Лицо Умитбаева буреет, точно покрывается бронзой. Несколько секунд он недоверчиво смотрит Павлу в глаза и потом спрашивает:

— Но неужели же ты и в самом деле ничего не знаешь? Ведь тебе же шестнадцать лет.

— Да, мне шестнадцать лет, и я ничего не знаю, — глухо подтверждает Павлик и все не выпускает его из рук. — Но я хочу знать все это, а ты должен мне объяснить.

— Да тут, собственно, и объяснять нечего — дело очень простое…

Павел видит, что Умитбаев пытается увернуться, и прибегает к последней угрозе.

— Ты не друг мне, Умитбаев, и я тебя больше не знаю, если ты мне не расскажешь всего!

Они сидят на подоконнике в пустынном уголке коридора. Все разбрелись готовить уроки, и вокруг тишина.

— Говори.

— Ты надавал мне так много вопросов… — Умитбаев смущенно водит пальцем по стеклу. Смуглые щеки его буреют, глаза опущены вниз. — Зачем ходит в тот дом Тараканов? Это очень просто. Затем, что он вырос, а ходят туда все взрослые, которые не женаты… Да и женатые ходят… даже учителя! — добавляет он тише, но Павел останавливает его небыстрым, холодным, обдуманным замечанием:

— И это, по-твоему, очень просто?

— Ну да, конечно… — уже спокойно отвечает Умитбаев. Он теперь тих и ровен, исполнен здоровой житейской бездумности, и речь его катится мерно, лениво, обыденно. — Потому люди и женятся, что им нужны женщины. Ведь слыхал же ты хоть немного об этом?

— Дальше.

— А которые не женятся, те ходят к женщинам, которые не замужем. И платят им за то, что ходят… Понимаешь?
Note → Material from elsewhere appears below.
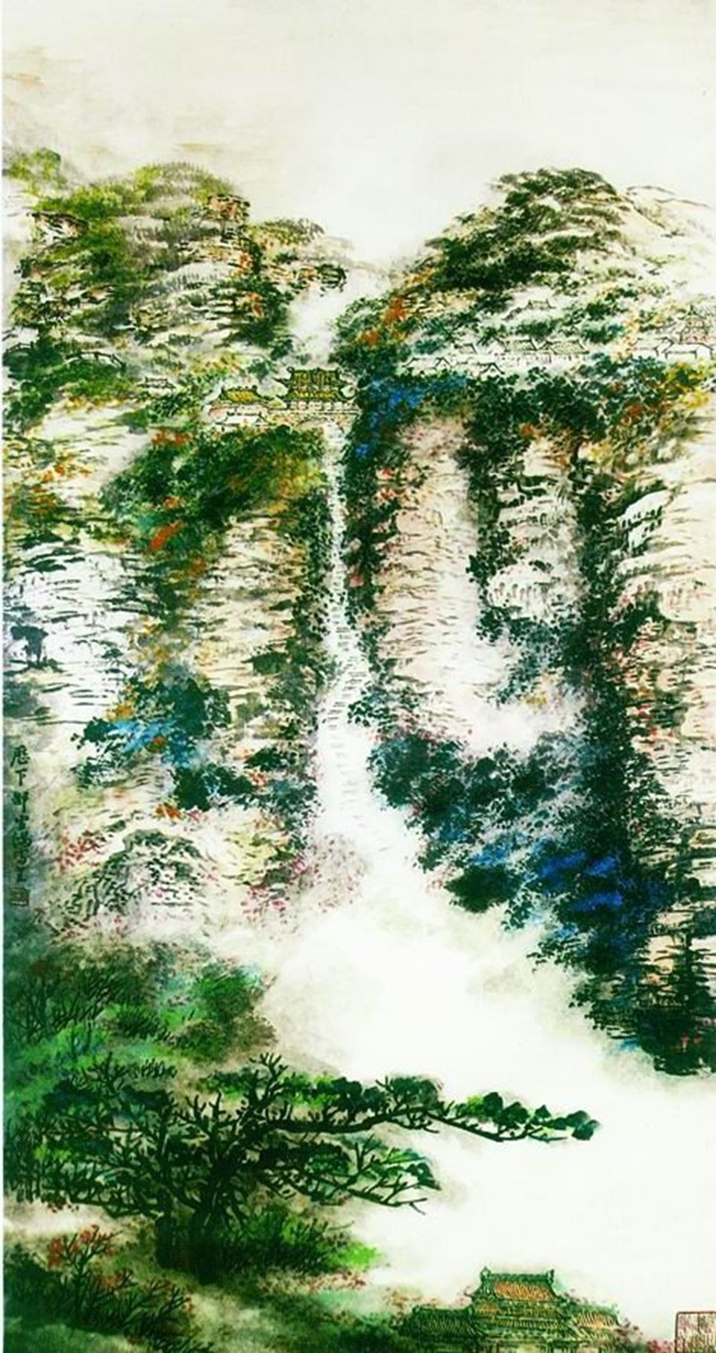 桥楼殿国画作品。郜雪鸿作

— Понимаю. И женщины, значит, продают себя? — острым вздрагивающим голосом спрашивает Павел. — Почему же это?

— Потому что бедные, потому и продают.

— Значит, мужчины платят женщинам, и это называется любовью?

— Если хочешь, — да.

— Хороша же, однако, эта жизнь, Умитбаев.

— Хороша — не хороша, а ее не переделаешь.

— Нет, ее надо переделать! — вдруг глухо вскрикивает Павлик и поднимается, сжав кулаки. — Ее во что бы то ни стало надо переделать, Умитбаев. — Глаза Павла блестят гневом и отвращением. — Во что бы то ни стало все переделать, до основания!

На губах Умитбаева появляется ироническая усмешка.

— Пытались, брат Павел, да зубы обломали: по тюрьмам сидят.

— Так за это еще сажают по тюрьмам?

— А ты как бы думал? И даже очень просто…

В растерянности Павлик вновь садится на подоконник и несколько секунд не знает, что отвечать.

— Ну, знаешь ли, Умитбаев, — голос его от изумленности и негодования делается осипшим. — Уж это… Уж это просто сказать, значит, люди… — Он долго не знает, как определить свою мысль, и заключает глухо и оскорбленно: — Просто — скоты!

— А ты как бы думал? — повторяет со смехом Умитбаев.

— И это они называют любовью! — растерянно шепчет Павел, стиснув себе виски похолодевшими пальцами. — И ты тоже называешь это любовью, Умитбаев? Ходить по таким домам?

— Ну, понятно, это и есть любовь, только не такая, как к барышням. Которые любят барышень, они сначала ухаживают, а потом…

— Подожди, — холодно остерегает Павел. — Я не о том. Отвечай мне: и все эти дома настроили себе мужчины?

— Конечно, мужчины. Ты чудак.

— Не понимаю… — Павлик бледен, поперек его лба морщина, лицо в сумраке комнаты кажется серым. Так устал он от этого жуткого разговора, от этой злой жизни, так болит голова, и так жалобно разносится его тонкий вздрагивающий шепот: — Странно! По-моему, тогда и женщины должны устроить себе такие же дома.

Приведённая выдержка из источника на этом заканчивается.